# PROVIDED ENTRIES

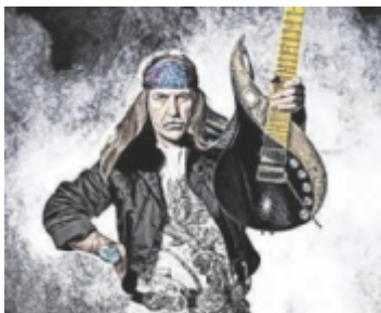
Uli Jon Roth
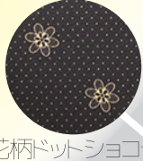
花柄ドットショコラ
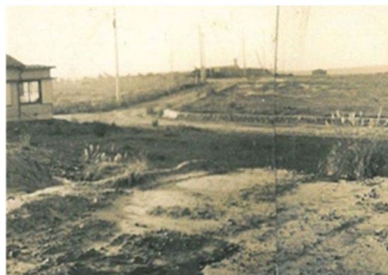
148 相生山住宅建設予定地付近 (昭和41年)
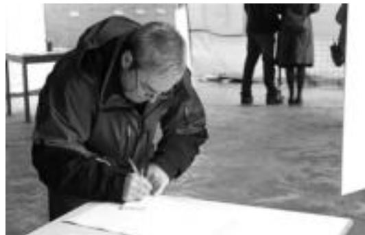
Auzokide ugari eman zuten euren iritzia pasa den asteburuan. N. LATABURU

Auzoak zer nolako ekipamendu komunitarioak eduki beharko litzuzkeen, gai horren inguruan bizilagunek duten iritzia zein den eta zer nolako herria, zer nolako Tolosa nahi duten jakiteko helburuz antolatuta zuten herri galdeketa hau Auzo Elkarteak.

# EXERCISE
Copy out all lines of the material containing the word "iritzia".

# OUTPUT OF THE EXERCISE
Auzokide ugari eman zuten euren iritzia pasa den asteburuan. N. LATABURU
Auzoak zer nolako ekipamendu komunitarioak eduki beharko litzuzkeen, gai horren inguruan bizilagunek duten iritzia zein den eta zer nolako herria, zer nolako Tolosa nahi duten jakiteko helburuz antolatuta zuten herri galdeketa hau Auzo Elkarteak.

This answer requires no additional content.